*** PROVIDED INFORMATION ***
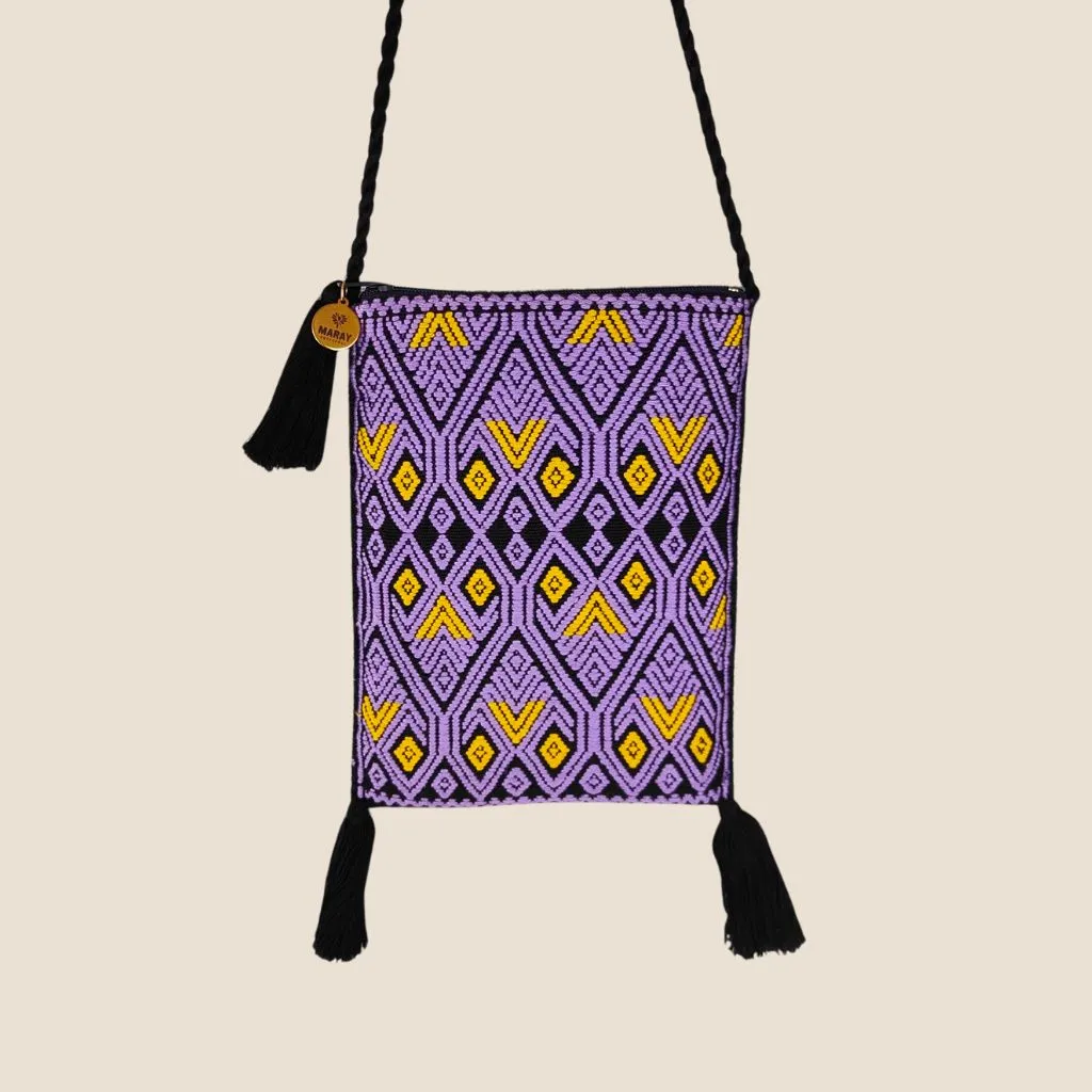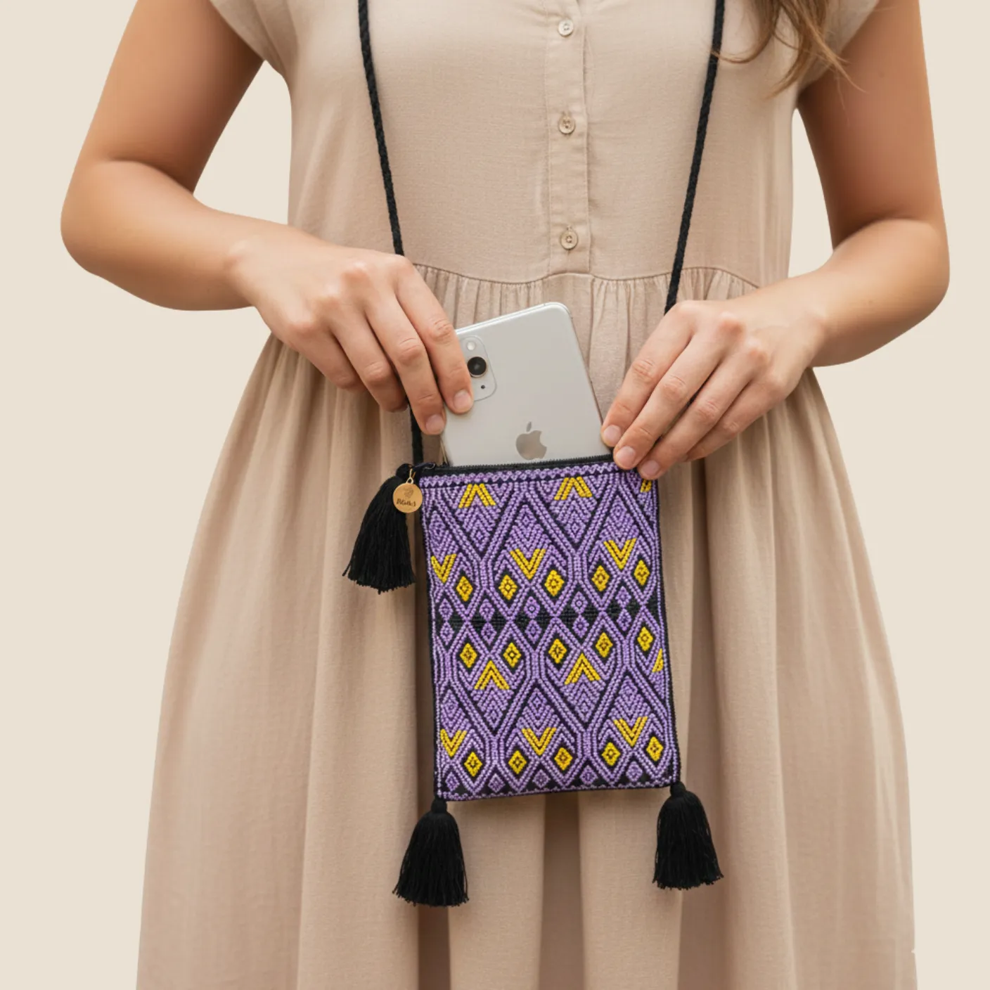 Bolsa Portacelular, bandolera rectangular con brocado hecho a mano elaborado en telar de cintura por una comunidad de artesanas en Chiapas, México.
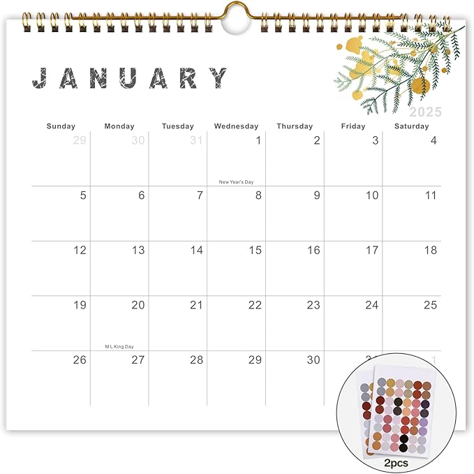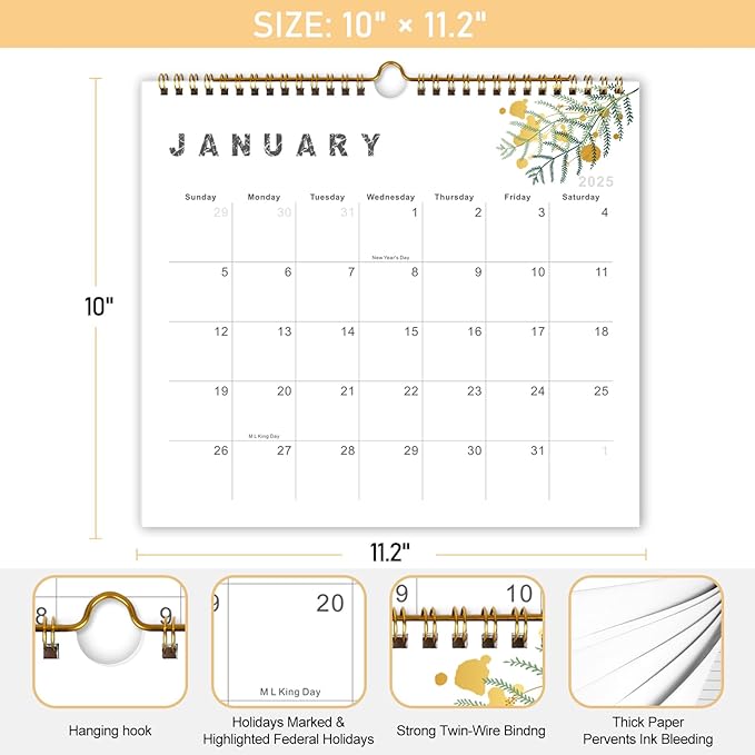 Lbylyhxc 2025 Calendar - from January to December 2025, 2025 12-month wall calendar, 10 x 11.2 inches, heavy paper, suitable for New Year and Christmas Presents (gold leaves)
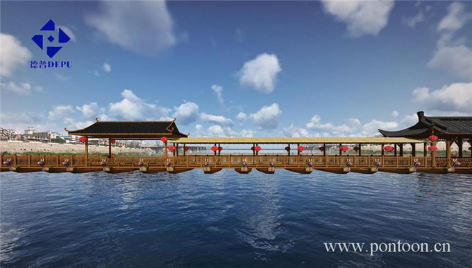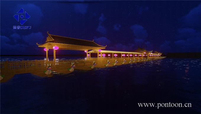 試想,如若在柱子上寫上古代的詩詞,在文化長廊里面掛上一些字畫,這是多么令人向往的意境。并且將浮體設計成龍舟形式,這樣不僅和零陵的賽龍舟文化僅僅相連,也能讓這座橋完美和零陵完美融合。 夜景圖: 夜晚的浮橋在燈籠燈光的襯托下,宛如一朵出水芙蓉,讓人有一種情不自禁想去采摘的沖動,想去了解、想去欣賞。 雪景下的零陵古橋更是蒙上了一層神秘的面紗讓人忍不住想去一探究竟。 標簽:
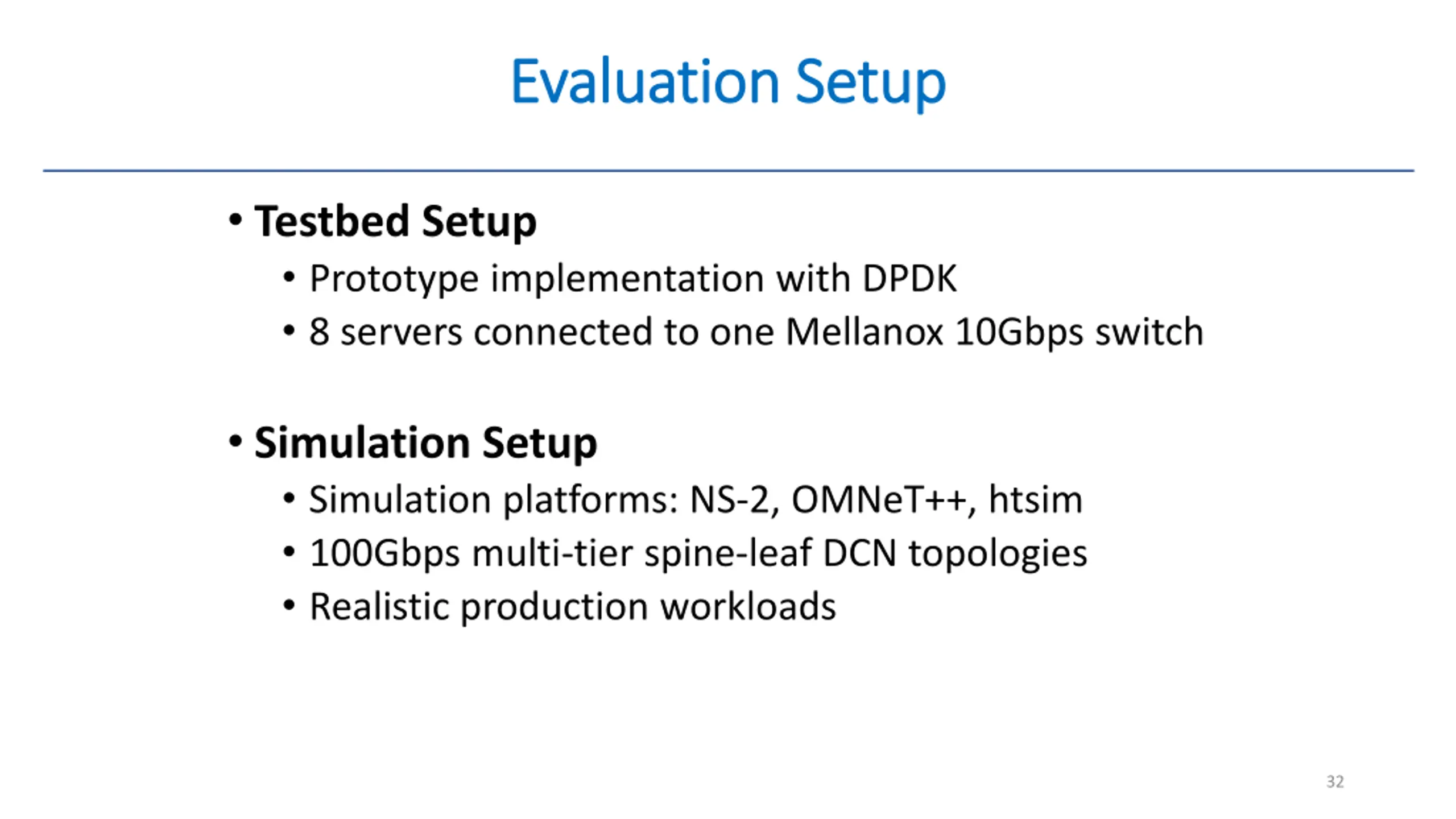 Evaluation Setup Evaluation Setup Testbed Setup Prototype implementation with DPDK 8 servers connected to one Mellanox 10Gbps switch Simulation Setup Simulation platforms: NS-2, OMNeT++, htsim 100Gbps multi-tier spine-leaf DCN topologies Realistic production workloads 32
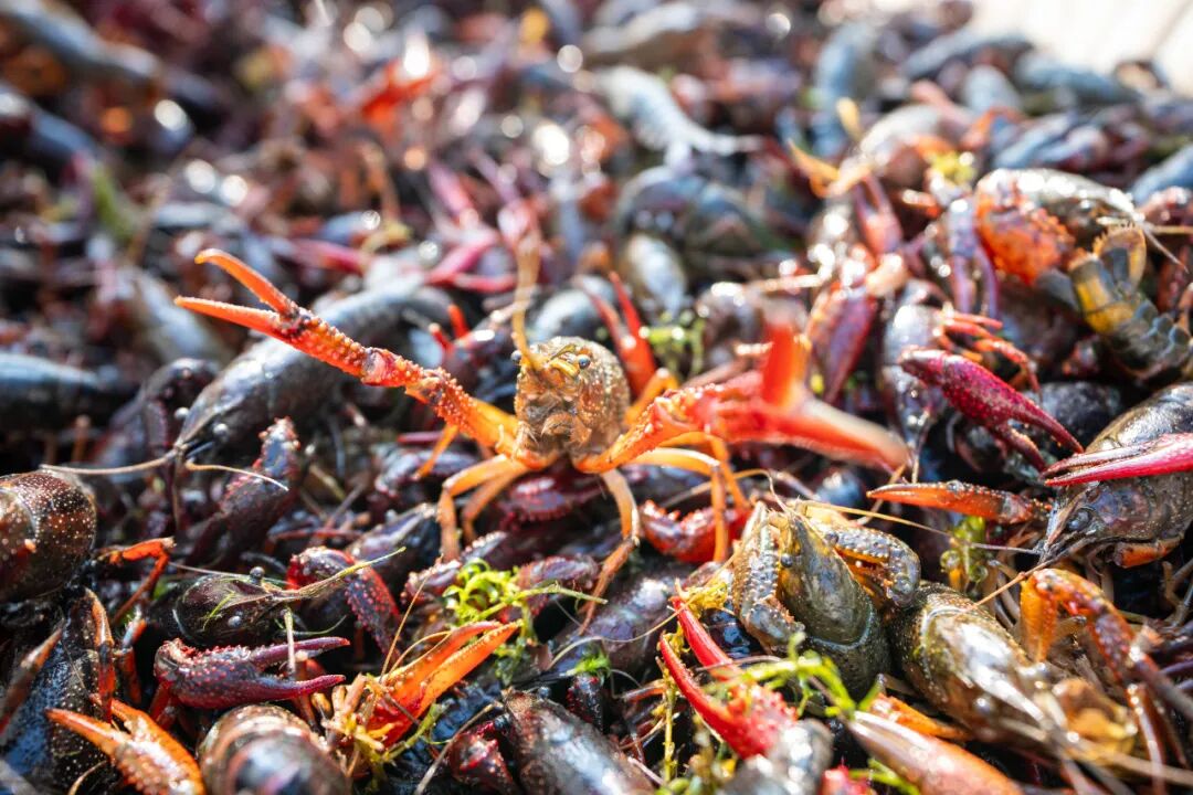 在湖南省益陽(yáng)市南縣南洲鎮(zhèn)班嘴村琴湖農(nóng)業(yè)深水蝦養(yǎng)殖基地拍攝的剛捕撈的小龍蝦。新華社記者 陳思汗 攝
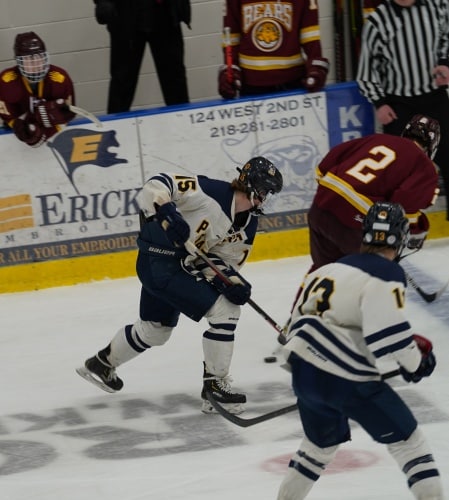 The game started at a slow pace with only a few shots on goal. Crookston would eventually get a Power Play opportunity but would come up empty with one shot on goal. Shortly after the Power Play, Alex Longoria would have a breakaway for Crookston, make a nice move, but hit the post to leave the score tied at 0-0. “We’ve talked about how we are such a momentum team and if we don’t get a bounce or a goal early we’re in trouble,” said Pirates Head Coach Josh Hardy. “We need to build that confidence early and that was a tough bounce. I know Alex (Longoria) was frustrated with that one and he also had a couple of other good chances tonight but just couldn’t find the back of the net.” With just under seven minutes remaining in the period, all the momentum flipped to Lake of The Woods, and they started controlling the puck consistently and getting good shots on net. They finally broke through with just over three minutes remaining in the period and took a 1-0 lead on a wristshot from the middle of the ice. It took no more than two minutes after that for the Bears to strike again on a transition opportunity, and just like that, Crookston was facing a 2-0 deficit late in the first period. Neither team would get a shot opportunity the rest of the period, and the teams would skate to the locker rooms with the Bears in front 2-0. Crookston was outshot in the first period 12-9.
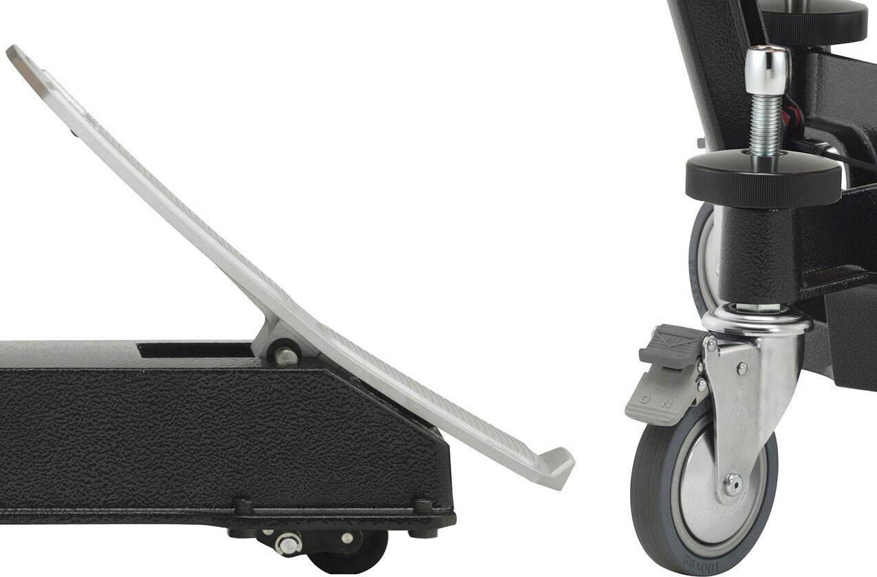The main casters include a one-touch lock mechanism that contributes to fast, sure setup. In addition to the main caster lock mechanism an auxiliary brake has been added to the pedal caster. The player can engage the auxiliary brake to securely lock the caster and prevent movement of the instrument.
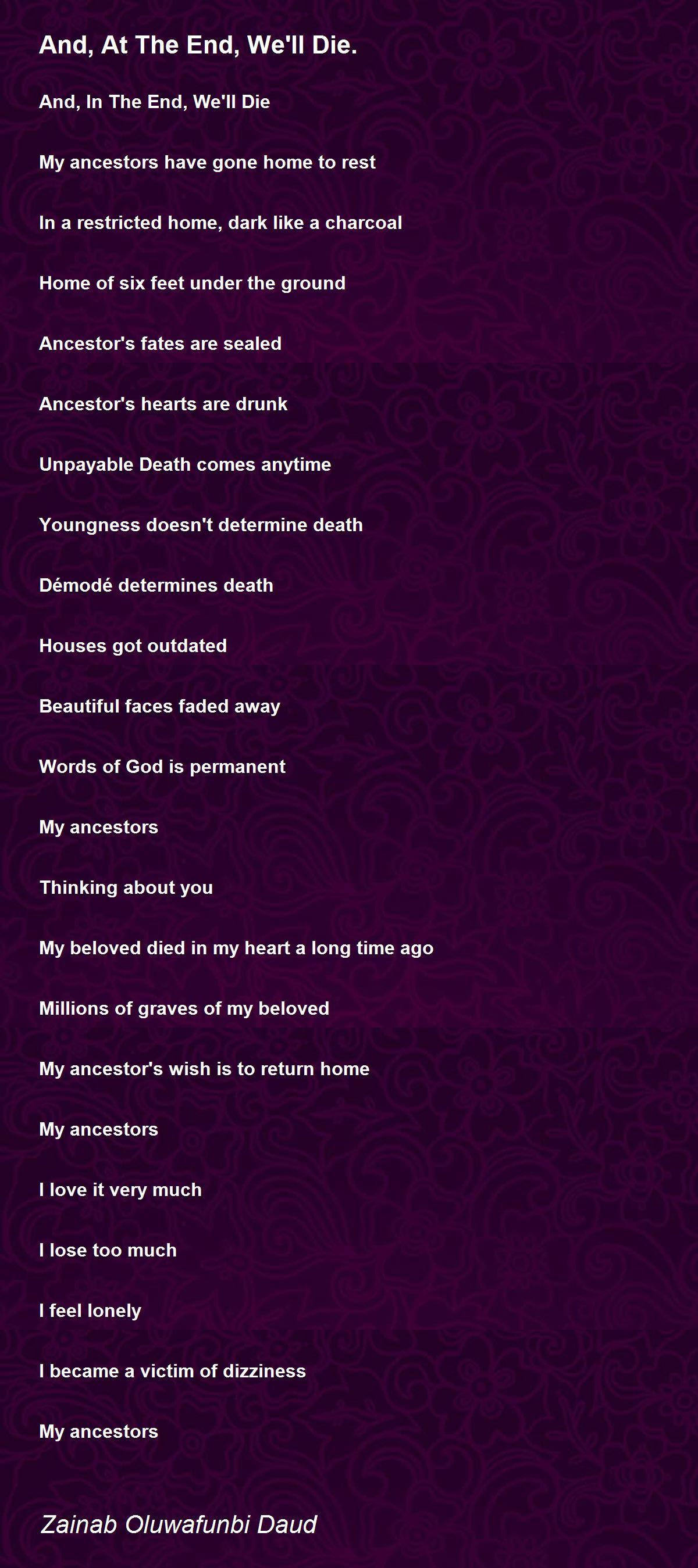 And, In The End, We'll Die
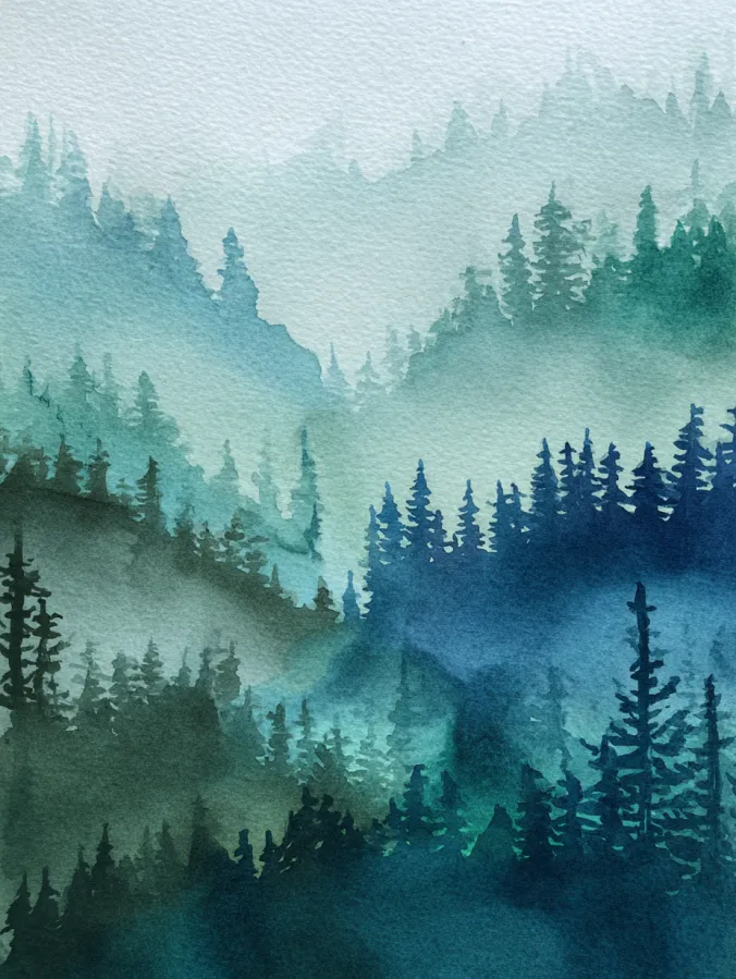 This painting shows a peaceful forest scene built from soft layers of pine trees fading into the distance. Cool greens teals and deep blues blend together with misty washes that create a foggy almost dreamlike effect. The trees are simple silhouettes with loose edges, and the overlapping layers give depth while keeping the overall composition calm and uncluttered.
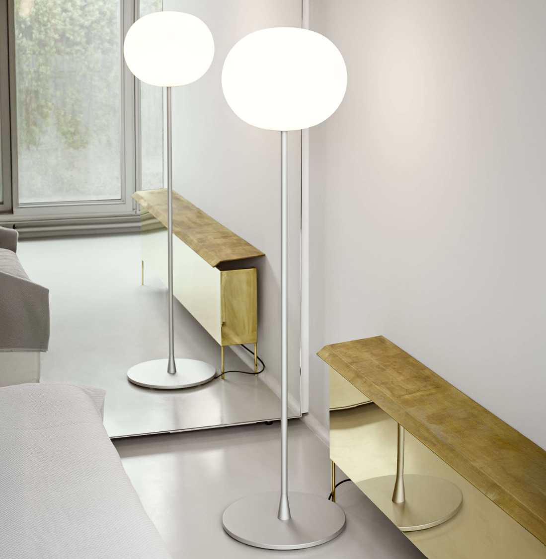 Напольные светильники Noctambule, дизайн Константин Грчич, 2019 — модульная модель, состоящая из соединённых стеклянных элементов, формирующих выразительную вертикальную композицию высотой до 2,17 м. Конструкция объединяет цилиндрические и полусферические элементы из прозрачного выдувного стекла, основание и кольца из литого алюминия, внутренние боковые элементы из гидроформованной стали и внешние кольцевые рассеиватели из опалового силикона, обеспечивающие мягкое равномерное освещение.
***
▶ WHAT TO PRODUCE
Your output should consist solely of the lines from the line containing "The main casters" through the last line of the entries, verbatim, minus any pictures.

▶ SOLUTION TO THE EXERCISE
The main casters include a one-touch lock mechanism that contributes to fast, sure setup. In addition to the main caster lock mechanism an auxiliary brake has been added to the pedal caster. The player can engage the auxiliary brake to securely lock the caster and prevent movement of the instrument.
 And, In The End, We'll Die
 This painting shows a peaceful forest scene built from soft layers of pine trees fading into the distance. Cool greens teals and deep blues blend together with misty washes that create a foggy almost dreamlike effect. The trees are simple silhouettes with loose edges, and the overlapping layers give depth while keeping the overall composition calm and uncluttered.
 Напольные светильники Noctambule, дизайн Константин Грчич, 2019 — модульная модель, состоящая из соединённых стеклянных элементов, формирующих выразительную вертикальную композицию высотой до 2,17 м. Конструкция объединяет цилиндрические и полусферические элементы из прозрачного выдувного стекла, основание и кольца из литого алюминия, внутренние боковые элементы из гидроформованной стали и внешние кольцевые рассеиватели из опалового силикона, обеспечивающие мягкое равномерное освещение.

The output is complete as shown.